=== TASK OBJECTIVE ===
Without the images, output every record exactly as it appears.

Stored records
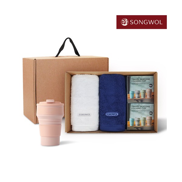 송월타올 리빙 기프트세트 34 (40수포인트타올 200g 2P + 실리콘텀블러500ml 2P)
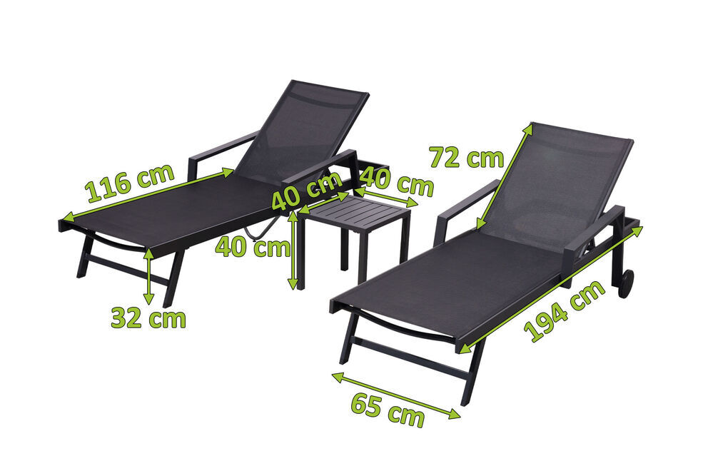 Die edlen und zeitlosen Sonnenliegen machen sowohl in Sachen Komfort als auch in Sachen Optik eine gute Figur. Das Gestell aus rostfreiem pulverbschichteten Aluminium wird ergänzt durch eine Textilenbespannung in der Farbe anthrazit, außerdem bieten Ihnen die Liegen mit den Maßen von ca. 194 x 65 x 32 cm, einer maximalen Belastbarkeit von ca. 120 kg je Liege und einer mehrfach verstellbaren Rückenlehne optimalen Liegekomfort. Rollen an den hinteren Beinen sorgen für ein einfaches Bewegen der Liegen.
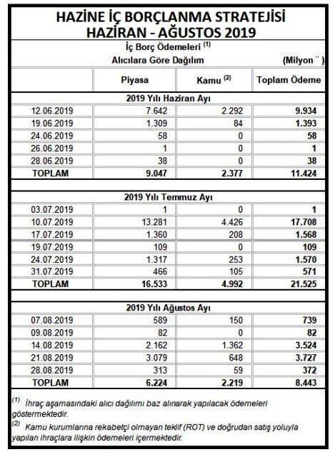 Hazine'nin Haziran-Temmuz-Ağustos dönemi iç borçlanma stratejisi şöyle:
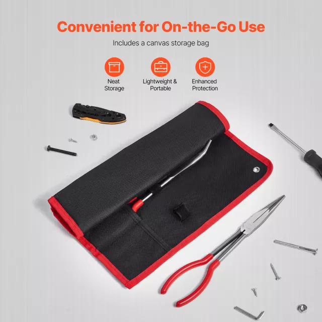 Take on any project with confidence using this versatile 5-piece long needle nose pliers set. Designed for precision, durability, and comfort, this complete toolkit includes diagonal cutting pliers, 45° bent nose pliers, 90° bent nose pliers, round nose pliers, and long nose pliers. With a range of jaw shapes and extended 11-inch handles, you’ll have the perfect tool for every task—whether it’s cutting, gripping, bending, or twisting.
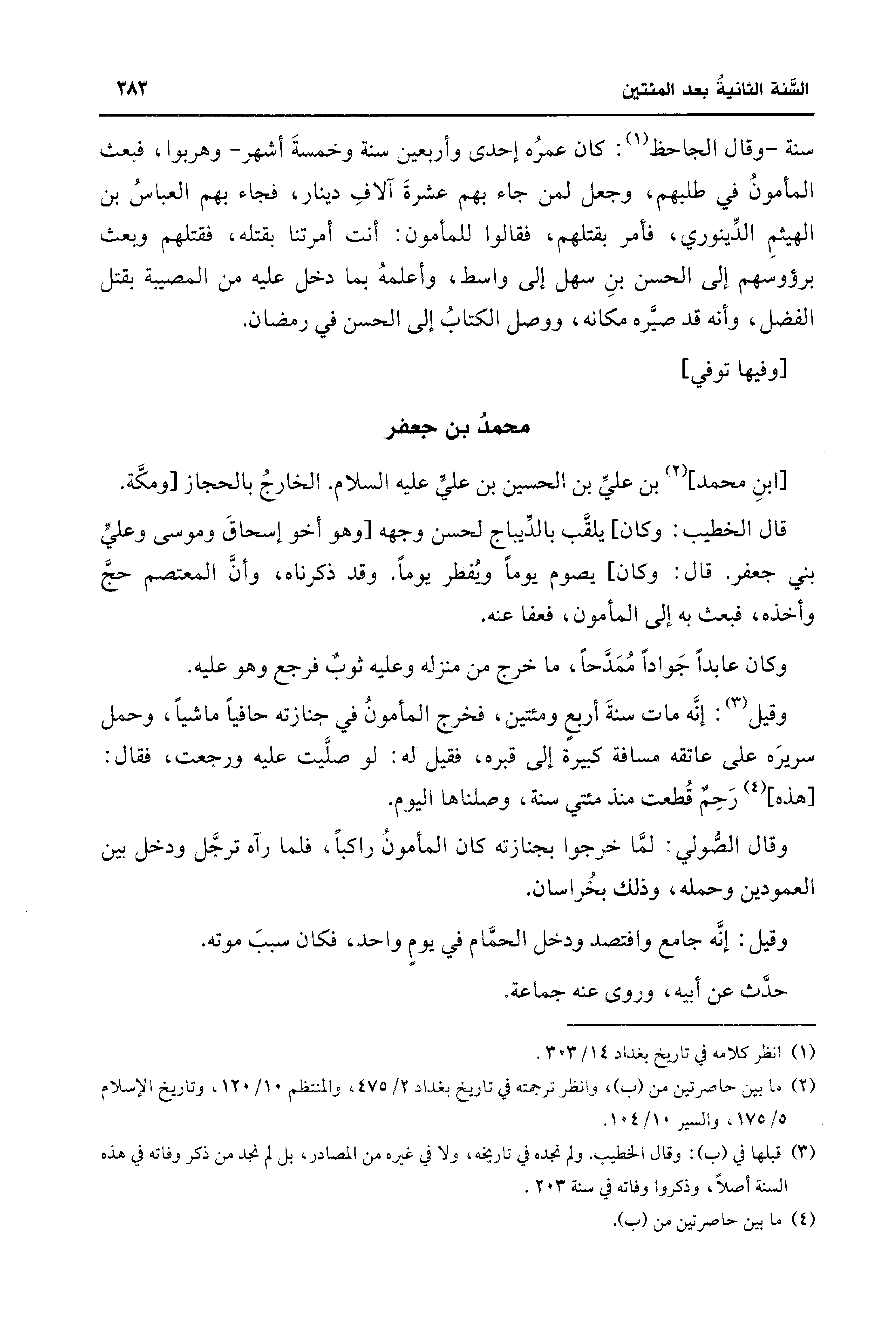 قال الخطيب: وكان] يلقَّب بالدِّيباج لحسن وجهه [وهو أخو إسحاقَ وموسى وعليٍّ بني جعفر. قال: وكان] يصوم يومًا ويُفطر يومًا. وقد ذكرناه، وأنَّ المعتصم حجَّ وأخذه، فبعث به إلى المأمون، فعفا عنه.
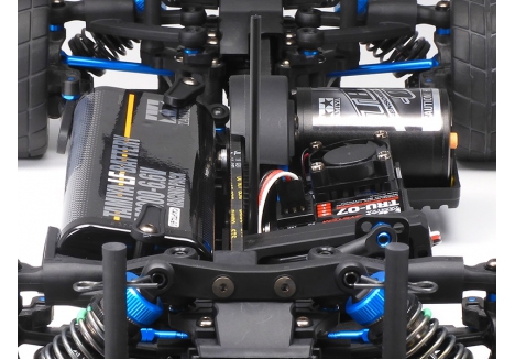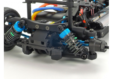 - Tamiya Super Short Big Bore dampers laid down to lower center of gravity and offer adjustable damping rates

=== EXERCISE ANSWER ===
 송월타올 리빙 기프트세트 34 (40수포인트타올 200g 2P + 실리콘텀블러500ml 2P)
 Die edlen und zeitlosen Sonnenliegen machen sowohl in Sachen Komfort als auch in Sachen Optik eine gute Figur. Das Gestell aus rostfreiem pulverbschichteten Aluminium wird ergänzt durch eine Textilenbespannung in der Farbe anthrazit, außerdem bieten Ihnen die Liegen mit den Maßen von ca. 194 x 65 x 32 cm, einer maximalen Belastbarkeit von ca. 120 kg je Liege und einer mehrfach verstellbaren Rückenlehne optimalen Liegekomfort. Rollen an den hinteren Beinen sorgen für ein einfaches Bewegen der Liegen.
 Hazine'nin Haziran-Temmuz-Ağustos dönemi iç borçlanma stratejisi şöyle:
 Take on any project with confidence using this versatile 5-piece long needle nose pliers set. Designed for precision, durability, and comfort, this complete toolkit includes diagonal cutting pliers, 45° bent nose pliers, 90° bent nose pliers, round nose pliers, and long nose pliers. With a range of jaw shapes and extended 11-inch handles, you’ll have the perfect tool for every task—whether it’s cutting, gripping, bending, or twisting.
 قال الخطيب: وكان] يلقَّب بالدِّيباج لحسن وجهه [وهو أخو إسحاقَ وموسى وعليٍّ بني جعفر. قال: وكان] يصوم يومًا ويُفطر يومًا. وقد ذكرناه، وأنَّ المعتصم حجَّ وأخذه، فبعث به إلى المأمون، فعفا عنه.
 - Tamiya Super Short Big Bore dampers laid down to lower center of gravity and offer adjustable damping rates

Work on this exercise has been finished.